Linda Welch Chapin is a politician in the U.S. state of Florida. She was the first chair of the Orange County Commission, an unsuccessful candidate for the U.S. House of Representatives, and Orange County's first mayor.

Early life
Linda Welch received her early education at the Old Greenwich School in Greenwich, Connecticut and eventually studied political science and journalism at Michigan State University. She met her husband Bruce E. Chapin at Walt Disney's "It's a Small World" attraction at the 1964 World's Fair in New York City. They moved to Orlando, Florida, where she joined, and eventually became president of, the local chapters of both the League of Women Voters and the Junior League. When her children started school, she took a job at a downtown bank.

Political career
In 1985, Chapin was selected by the Orlando Regional Chamber of Commerce to head their "Project 2000", an effort to set millennial goals for the city in the areas of economic development, the arts, and transportation. As this project came to an end, the district's county commissioner retired and Chapin campaigned successfully to win his open seat.

As county commissioner, Chapin pushed for modernization of the county charter, which was completed in 1988 and included the creation of a new position of Chair of the Orange County Commission, to be elected by a county-wide vote. In 1990 Chapin was elected as the first holder of this position.

In 1994, Chapin announced that she would not seek re-election. Her chosen successor, state senator Toni Jennings, declined to run and remained in Tallahassee, leaving two rival commissioners, conservative Tom Dorman and liberal Fran Pignone, competing for the role. In response, Chapin launched a re-election campaign, and won a run-off against Pignone by 61% to 39%.

Chapin's time as Orange County Chair coincided with Glenda Hood's term as Mayor of Orlando, and the two women, along with Jennings and Dianna Fuller Morgan, Walt Disney World's Senior Vice President for Community and Government Relations, were recognized as the prominent figures of the local "old girl network".

On June 25, 1996, Chapin led the Orange County Commission in approving a $53 million subsidy to build a fourth interchange for Walt Disney World on Interstate 4. This spending later sparked a public outcry when it was emerged that the construction project would not be located in Orange County but in neighboring Osceola County. Chapin justified the subsidy by arguing that Disney's billion dollar investment in constructing its Animal Kingdom theme park and the Coronado Springs and Boardwalk resorts would generate tax dollars for Orange County.

Chapin did not seek re-election in 1998 after her second term, and was succeeded by Mel Martinez.

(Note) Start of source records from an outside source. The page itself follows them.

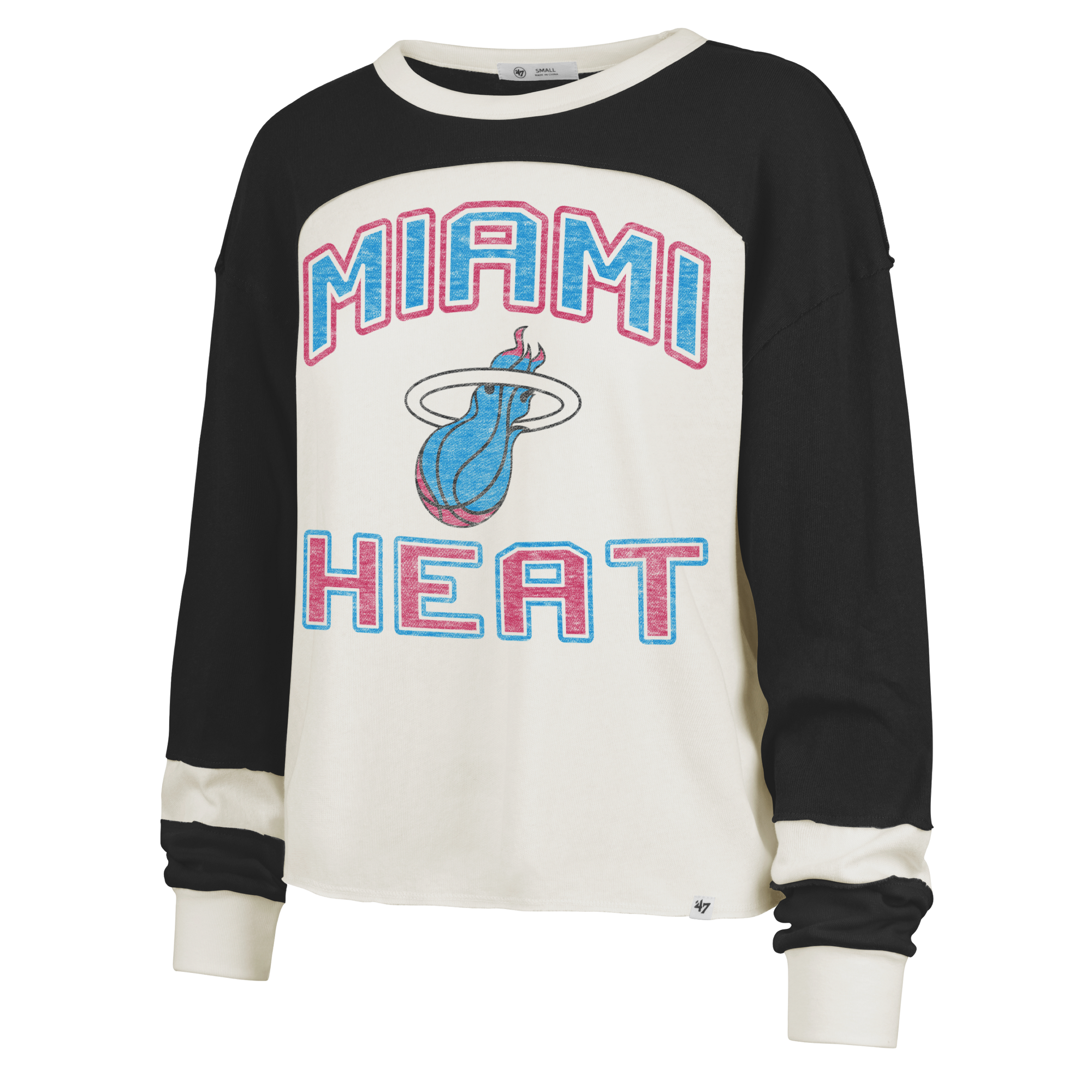 Made from 100% cotton, this Miami HEAT shirt features contrast team color sleeves for a two-tone look and distressed graphics of the team wordmark and logo for a vintage feel. The dropped shoulders provide a relaxed fit and casual look, making it a perfect choice for everyday wear.
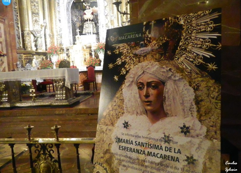 Tras el cierre de puertas de la basílica en la noche del pasado martes 12 de agosto, fue retirada del culto la Virgen de la Esperanza Macarena para ser sometida a una restauración por parte de Pedro Manzano y con la supervisión del IAPH y con sendas comisiones de trabajo y de seguimiento de estos trabajos, aprobada el pasado martes 29 de julio.
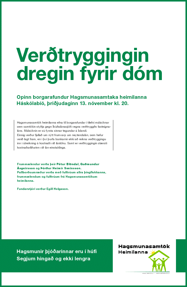 Að lokum vil ég þakka þeim mikla fjölda einstaklinga, félaga of fyrirtækja sem hafa lagt fram fé til þessarar baráttu. Án ykkar framlaga væri ekkert að gerast. Minni á heimasíðuna www.heimilin.is.
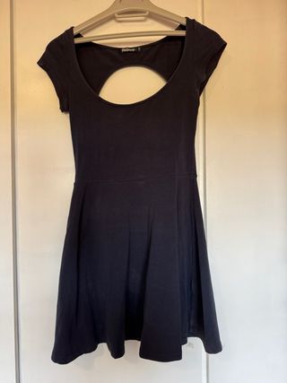 Vestido corto con un diseño moderno y atrevido. - Escote pronunciado. - Abertura circular en la espalda. - Falda con vuelo.
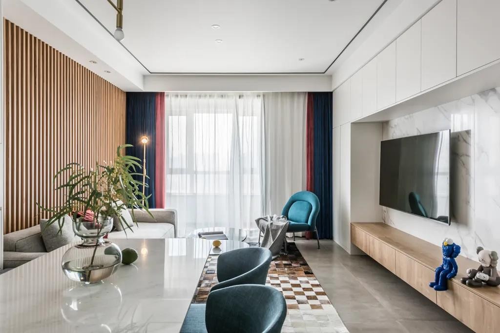 一套103㎡的现代简约三居室,格局稍显紧促,极大扩大功能区,合理增加储物空间。
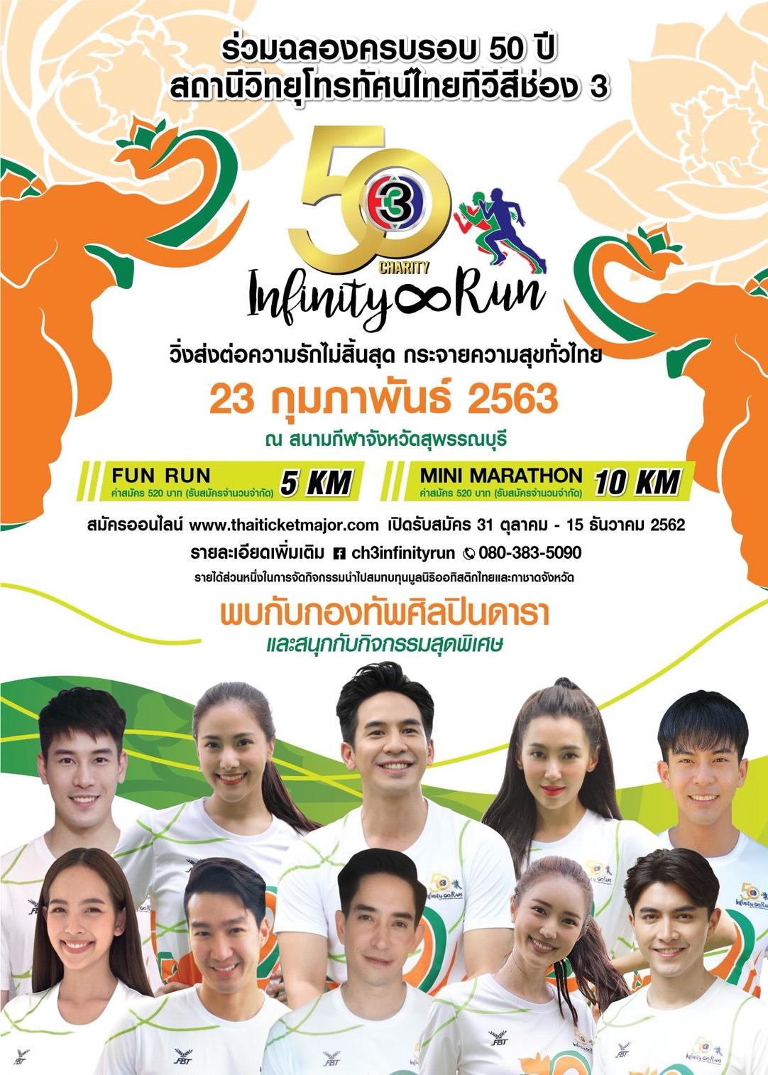 ช่อง 3 จัดงานฉลอง 50 ปี CHANNEL 3 INFINITY LOVE PROJECT ขอบคุณผู้ชมประเดิมกิจกรรมแรกคือ Channel 3 Charity Infinity Run ในคอนเซปต์ วิ่งส่งต่อความรักไม่สิ้นสุดกระจายความสุขทั่วไทย เป็นการรวมพลังคนไทยทั้ง 5 ภูมิภาค
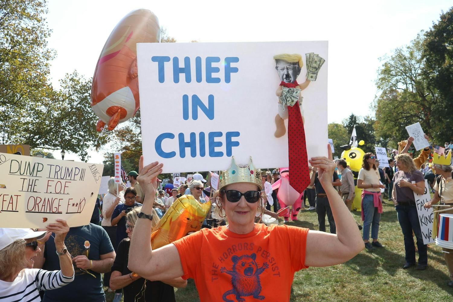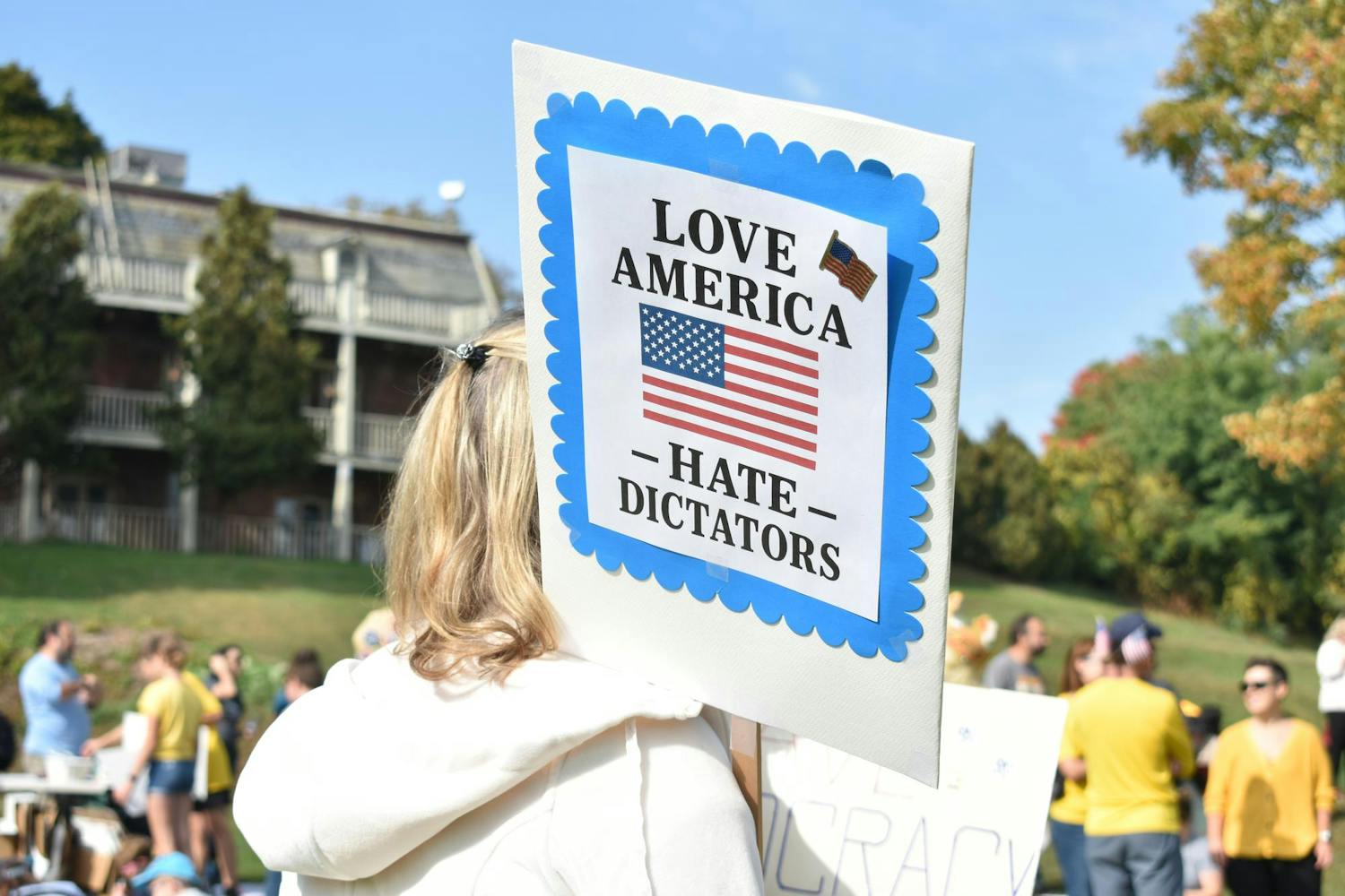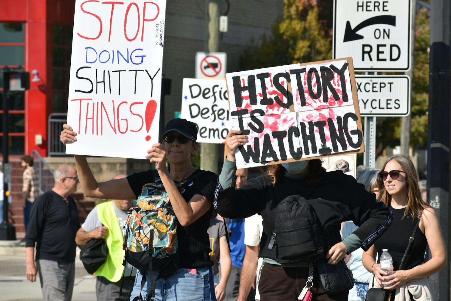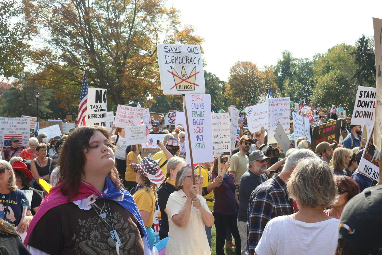 Thousands of participants took to the sidewalks and streets of Ypsilanti for the No Kings protest on Saturday, Oct. 18, 2025. (Gallery by Max Taylor and Lee Hammock)
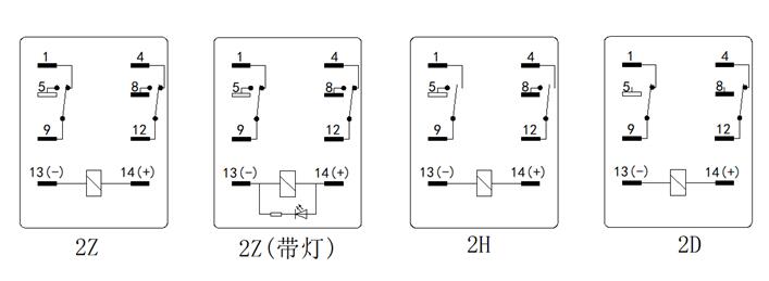⑤ 觸點形式:2H= 2組常開型 H;2D= 2組常閉 D; 2Z= 2組轉換型 Z
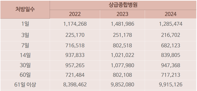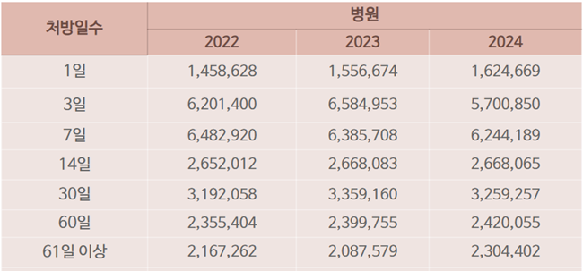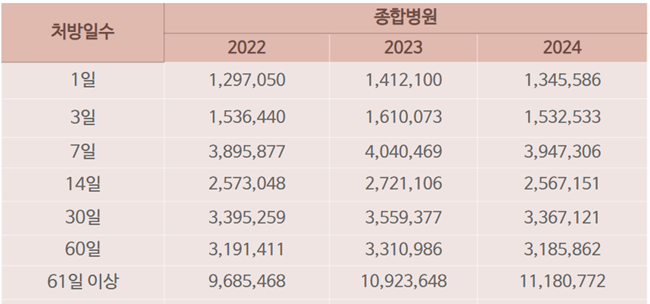 종합병원의 장기처방도 상승세를 보였다. 2022년 대비 2024년 61일 이상 처방이 15.4% 증가했다. 다른 처방일수 구간에서는 큰 폭의 증가나 감소가 이뤄지지 않았다.
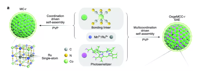 1、單原子納米酶用于光動力治療[1]光動力治療(PDT)是指光敏劑在接受一定波長的激光照射之后產生大量活性氧(ROS)來實現(xiàn)對癌細胞的氧化損傷,憑借其可控性強、副作用低等優(yōu)勢被廣泛應用到癌癥治療等領域。這種療法依賴于局部的O2分子來產生高細胞毒性的單態(tài)氧(1O2),但實體腫瘤缺氧微環(huán)境會影響光動力療法的治療效果。為了解決上述問題南洋理工大學趙彥利研究團隊設計了一種安全、高效的自組裝納米制劑,單原子納米酶(OxgeMCC-r)。研究者通過一步自組裝技術將具有類過氧化氫酶活性的釕原子固定在Mn3[Co(CN)6]2多孔材料中,同時將光敏劑Ce6包覆在MOFs材料中。該復合納米酶具有可控的尺寸和形貌,較高的負載能力。在腫瘤部位OxgeMCC-r納米酶催化內源性的過氧化氫產生氧氣,有效的緩解了腫瘤內部的乏氧環(huán)境,顯著性提高了光動力治療效果,體外和體內實驗都證明了OxgeMCC-r納米酶優(yōu)異的抗腫瘤效果,與此同時復合納米酶中的Mn2+可以用于T1磁共振成像能力。OxgeMCC-r SAE具有較高的Ce6負載能力、優(yōu)越的催化性能和體內跟蹤成像能力,將是一種很有前景的抗腫瘤藥物,促進不同單原子納米酶在催化納米醫(yī)學領域進一步發(fā)展。
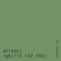 Цвет #719367 в цветовой модели RGB обозначается тремя октетами (113, 147, 103) в десятичном формате и #719367 в шестнадцатиричном (hex) формате, которые являются интенсивностью красного 113 (hex 71), интенсивность зелёного 147 (hex 93) и интенсивность синего 103 (hex 67).
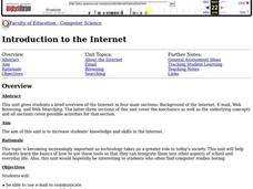 Students conduct a brief overview of the Internet in four main sections: Background of the Internet, E-mail, Web Browsing, and Web Searching. The latter three sections of this unit cover the mechanics as well as the underlying concepts...
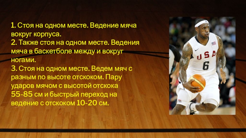 3. Стоя на одном месте. Ведем мяч с разным по высоте отскоком. Пару ударов мячом с высотой отскока 55-85 см и быстрый переход на ведение с отскоком 10-20 см.
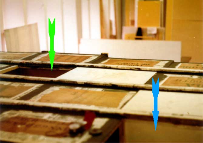 Maze Q Top of completed maze. Green arrow shows the emergency exit (above 'Grand Central Station'), blue arrow shows the exit proper. 1975 Tea chests and timber.

She was nominated by acting Governor of Florida Buddy MacKay to complete the unexpired term of Fran Carlton, who had recently resigned as Orange County Clerk of the Courts.

In 2000, when local congressman Bill McCollum announced his candidacy to succeed Connie Mack in the U.S. Senate, Chapin ran for election to fill his vacant seat in the House of Representatives as a Democrat. She raised over $1 million in campaign contributions, more than the combined funds raised by the three Republican candidates: moderate state legislator Bill Sublette, conservative attorney Ric Keller, and military veteran Bob Hering.

Chapin went on to face Keller in the general election that November. The campaign received national attention as a possible flip to the Democrats from the Republican majority in Congress. However, in a historically conservative district, Chapin's Republican opponents characterized her as a liberal opponent of the right to bear arms, and cited her spending $18,500 in county funds for a bronze sculpture of a frog to accuse her of fiscal irresponsibility. Keller eventually won the election by 51% to 49% win over Chapin.

Post-political career
Since leaving elective office, Chapin has served as Director of the Metropolitan Center for Regional Studies at the University of Central Florida. In 2007, she led Orange County's Task Force on Ethics and Campaign Finance Reform, which recommended that local election laws be amended to require all candidates for public office to submit a final list of contributors one week prior to Election Day.

Personal life
Chapin and her husband now live in Belle Isle, Florida. Their son Roger Chapin ran an unsuccessful campaign to unseat incumbent Orlando City Commissioner Vickie Vargo in 2002.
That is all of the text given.